Executive Summary Introduction Methodology: Training chat-data specific SAEs Evaluating chat SAEs on the refusal direction reconstruction task Chat data SAEs find more faithful refusal direction reconstructions Chat data SAEs find sparser refusal direction reconstructions Chat data SAEs find more interpretable decompositions of the refusal direction Chat data SAE refusal latents are better for steering The chat dataset is more important than the chat model Related Work Conclusion Limitations Future work Citing this work Author Contributions Statement Acknowledgments None No comments
This is an interim report sharing preliminary results.

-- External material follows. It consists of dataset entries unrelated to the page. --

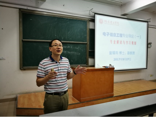 就在17级新生开课第一周,为使员工对电信专业有初步了解与规划,悟空体育于15317举行电子信息工程专业导论入学教育讲座。悟空体育经理助理童耀南、副教授程望斌应邀主讲。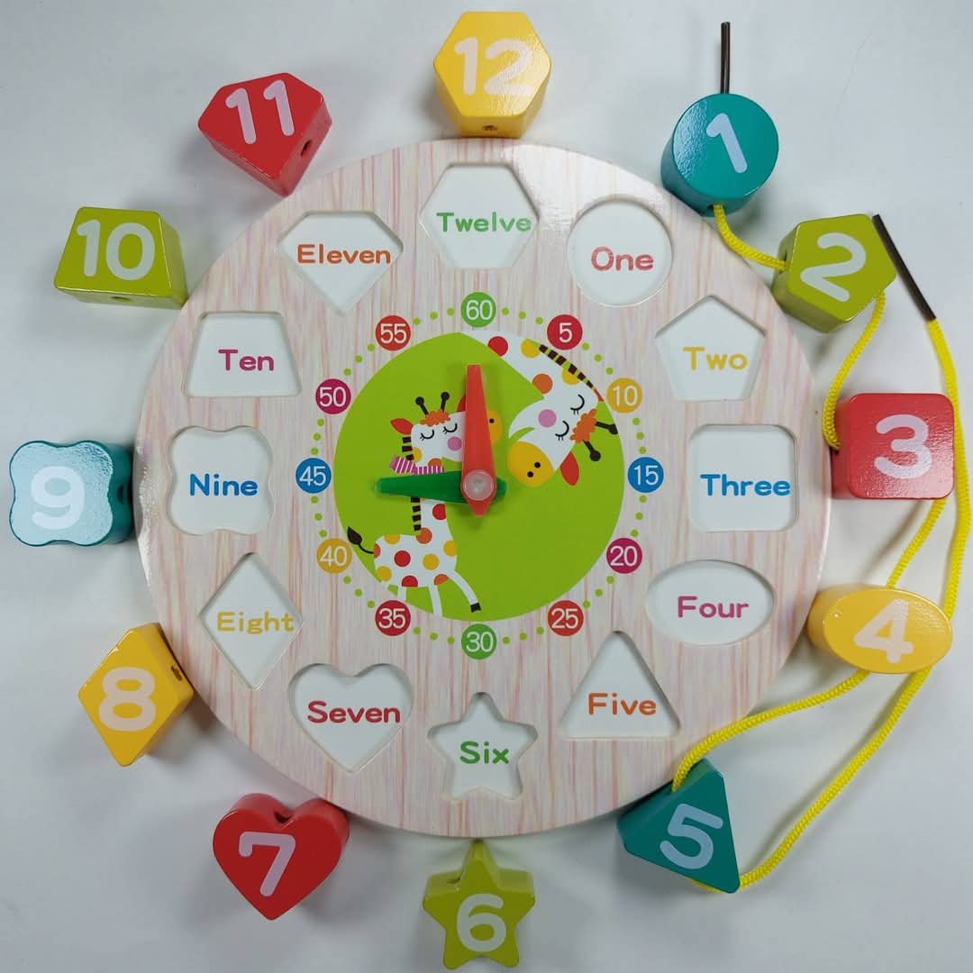 1 × Digital Geometric Clock with Threading Laces (teach time & fine motor skills)
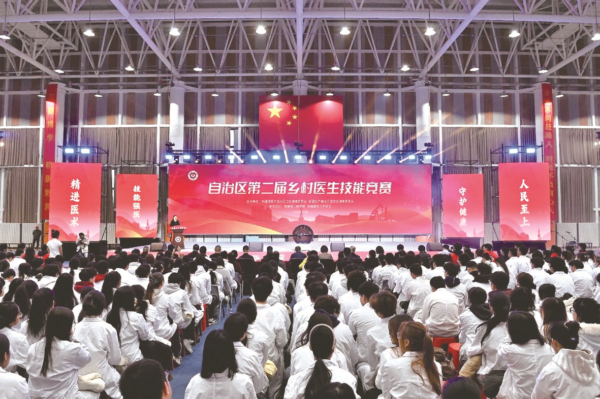 图为新疆维吾尔自治区第二届乡村医生技能竞赛开幕式。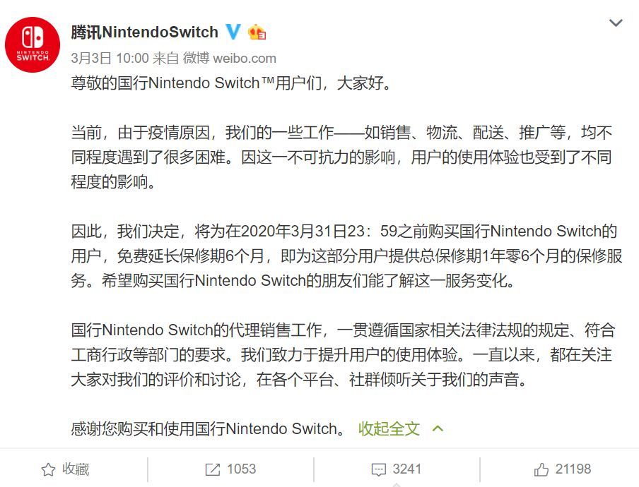 3月3日,国行NS的官方微博账号发布了一条消息,宣布在3月31日前购买的国行NS,均可免费延长保修期6个月。
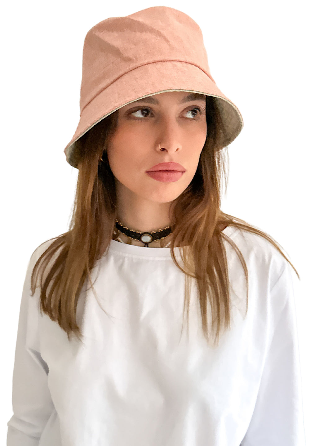Beckie Bucket Hat in Pure French Linen - reversible two colours Sage Peach

We hope this update will be useful to related research occurring in parallel.
Executive Summary
- Problem: Qwen1.5 0.5B Chat SAEs trained on the pile (webtext) fail to find sparse, interpretable reconstructions of the refusal direction from Arditi et al. The most refusal-related latent we find is coarse grained and underperforms the refusal direction at steering tasks.
- This is disappointing. The point of an SAE is to find meaningful concepts. If it can’t sparsely reconstruct the important refusal direction, then that means it’s either missing the relevant concepts, or these are shattered across many latents.
- Solution: Training a new SAE on a chat-specific dataset, LmSys-Chat-1M, finds a significantly sparser, more faithful, and interpretable reconstruction of the “refusal direction”.
- The LmSys SAE is also more capable of finding interpretable “refusal” latents that we can use to effectively steer the model to bypass refusals.
- We find that, for the task of faithfully reconstructing the “refusal direction”, base model SAEs trained on chat data are better than chat model SAEs trained on the pile (consistent with our prior work [LW · GW]).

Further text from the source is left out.